## TRY IT
In the records that follow, find the line containing "现货韩国小众潮牌oun*e重工花边领复古甜美针织长袖开衫外套" and the line containing "Create a festive", then transcribe both and every line between them exactly, omitting pictures.

## AVAILABLE DATA
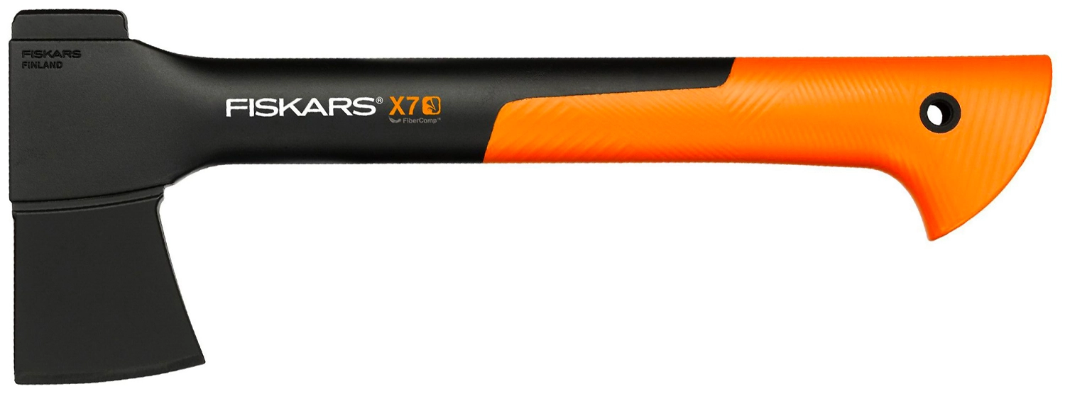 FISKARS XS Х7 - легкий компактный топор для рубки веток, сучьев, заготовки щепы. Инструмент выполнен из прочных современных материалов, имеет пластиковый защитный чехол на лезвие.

--

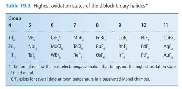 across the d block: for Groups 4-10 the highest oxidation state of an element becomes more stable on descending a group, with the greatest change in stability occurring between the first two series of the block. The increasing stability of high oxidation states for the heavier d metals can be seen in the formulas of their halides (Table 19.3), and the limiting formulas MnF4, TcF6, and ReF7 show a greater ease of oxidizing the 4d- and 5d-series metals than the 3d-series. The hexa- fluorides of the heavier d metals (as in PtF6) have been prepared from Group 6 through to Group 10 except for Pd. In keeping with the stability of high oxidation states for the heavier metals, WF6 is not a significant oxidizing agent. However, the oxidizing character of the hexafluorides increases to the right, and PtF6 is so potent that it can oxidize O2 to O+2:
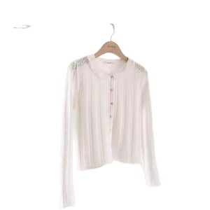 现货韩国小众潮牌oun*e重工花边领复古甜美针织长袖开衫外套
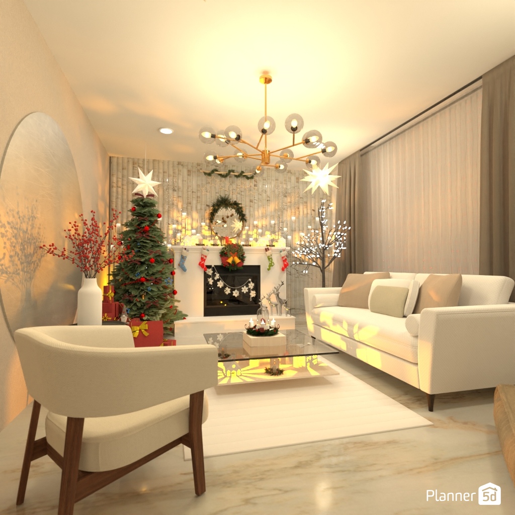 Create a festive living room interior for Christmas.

---

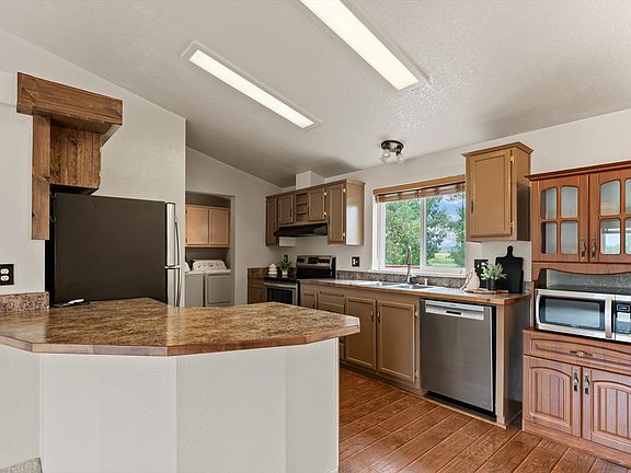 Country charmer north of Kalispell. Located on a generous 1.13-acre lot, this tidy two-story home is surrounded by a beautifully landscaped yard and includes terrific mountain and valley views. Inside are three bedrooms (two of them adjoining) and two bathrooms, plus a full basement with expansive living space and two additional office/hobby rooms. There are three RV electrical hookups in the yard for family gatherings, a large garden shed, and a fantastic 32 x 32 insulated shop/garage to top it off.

## RESULT OF THE EXERCISE
 现货韩国小众潮牌oun*e重工花边领复古甜美针织长袖开衫外套
 Create a festive living room interior for Christmas.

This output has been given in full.